The pendency of the Acquisitions could cause disruptions in the Company’s business, which could have an adverse effect on the Company’s business, results of operations and financial condition. In particular, the attention of the Company’s management may be directed towards the Acquisitions, including obtaining required approvals and other transaction-related considerations and may be diverted from the day-to-day business operations of the Company and matters related to the Acquisitions may require commitments of time and resources that could otherwise have been devoted to other opportunities that might have been beneficial to the Company. Any of these matters could adversely affect the businesses of, or harm the results of operations, financial condition or cash flows of the Company even after the Acquisitions are consummated.

 

The benefits attributable to the Acquisitions may vary from expectations.

 

The Company may fail to realize the anticipated benefits expected from the Acquisitions. The success of the Acquisitions will depend, in significant part, on the Company’s ability to successfully integrate the acquired business, grow the revenue of the Company and realize the anticipated strategic benefits from the Acquisitions. The Company believes that the addition of Targets will complement its strategy by providing operational and financial scale, increasing free cash flow, and enhancing the Company’s corporate rate of return. This growth and the anticipated benefits of the Acquisitions may not be realized fully or at all or may take longer to realize than expected. Actual operating, technological, strategic and revenue opportunities, if achieved at all, may be less significant than expected or may take longer to achieve than anticipated.
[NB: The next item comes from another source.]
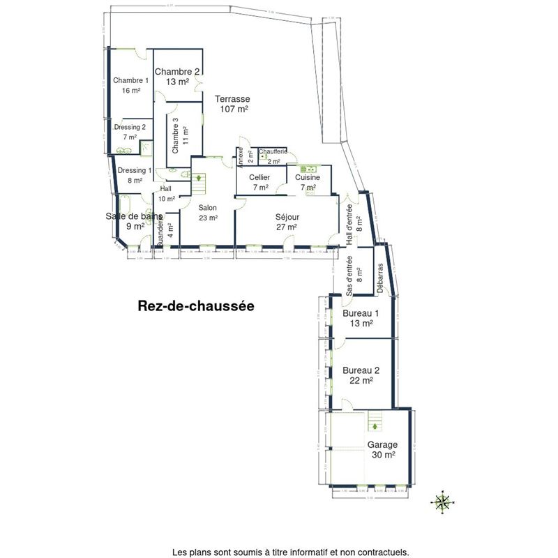 Le rez-de-chaussée se compose d’un hall d’entrée, d’un spacieux séjour lumineux, d’une cuisine équipée avec cellier, d’un second salon, d’une buanderie, salle de bain, salle de douche, wc, ainsi que deux chambres (+/- 15 m² et +/- 14 m²) et d’un espace dressing (+/- 10 m²).
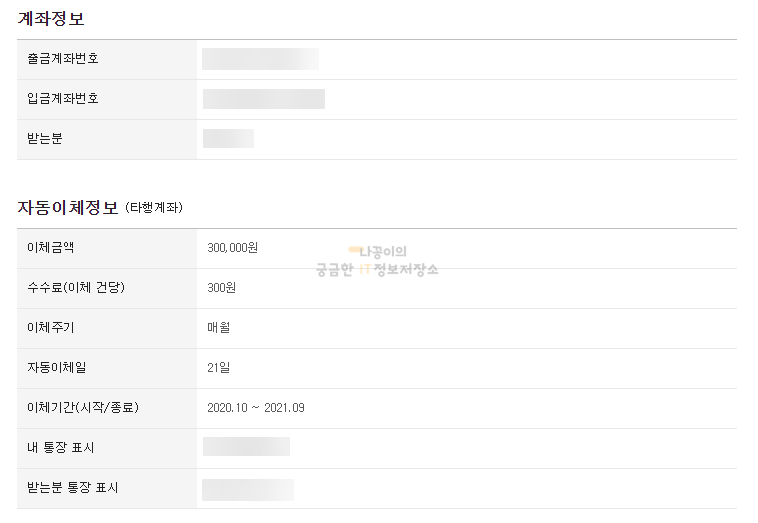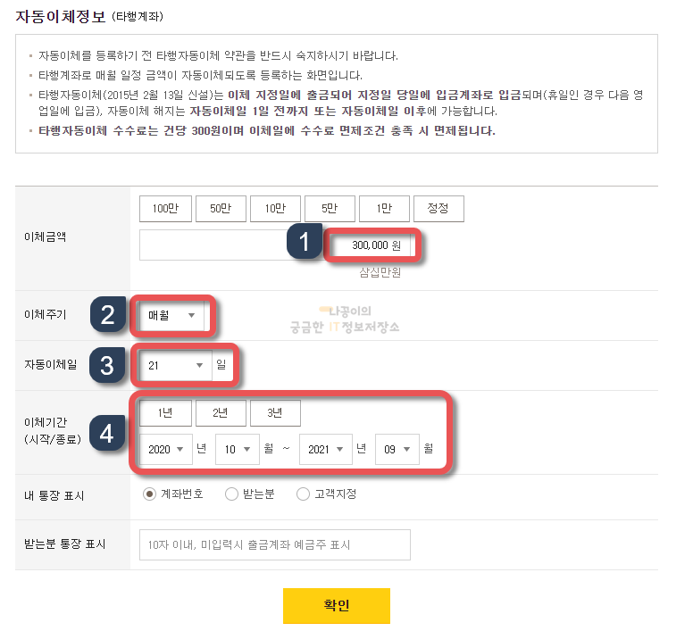 계좌확인 버튼을 클릭하시면 아래처럼 자동이체 금액과 주기, 이체일 등을 설정하는 화면이 나오게 됩니다.

Additionally, the integration process may result in the disruption of ongoing business and there could be potential unknown liabilities and unforeseen expenses associated with the Acquisitions that were not discovered in the course of performing due diligence. The integration may also require significant time and focus from management following the Acquisitions which may disrupt the Company’s business and results of operations. If the Company is not able to achieve realize the anticipated benefits expected from the Acquisitions within the anticipated timing or at all, its business and operating results may be adversely affected.

 

The inability to complete the Acquisitions on the initial terms agreed to or in the expected time frame may adversely affect our business, financial condition or results of operations.

 

We may not be able to consummate the Acquisitions on the terms contemplated, or at all, if the applicable regulatory approvals are not obtained and/or other customary closing conditions are not satisfied. Any difficulties with respect to the consummation of the Acquisitions may adversely affect our business, financial condition or results of operations. Additionally, failure to consummate the Acquisitions on the terms contemplated may adversely affect our intended strategy of expanding into the Permian Basin and may impact management’s focus on such strategy.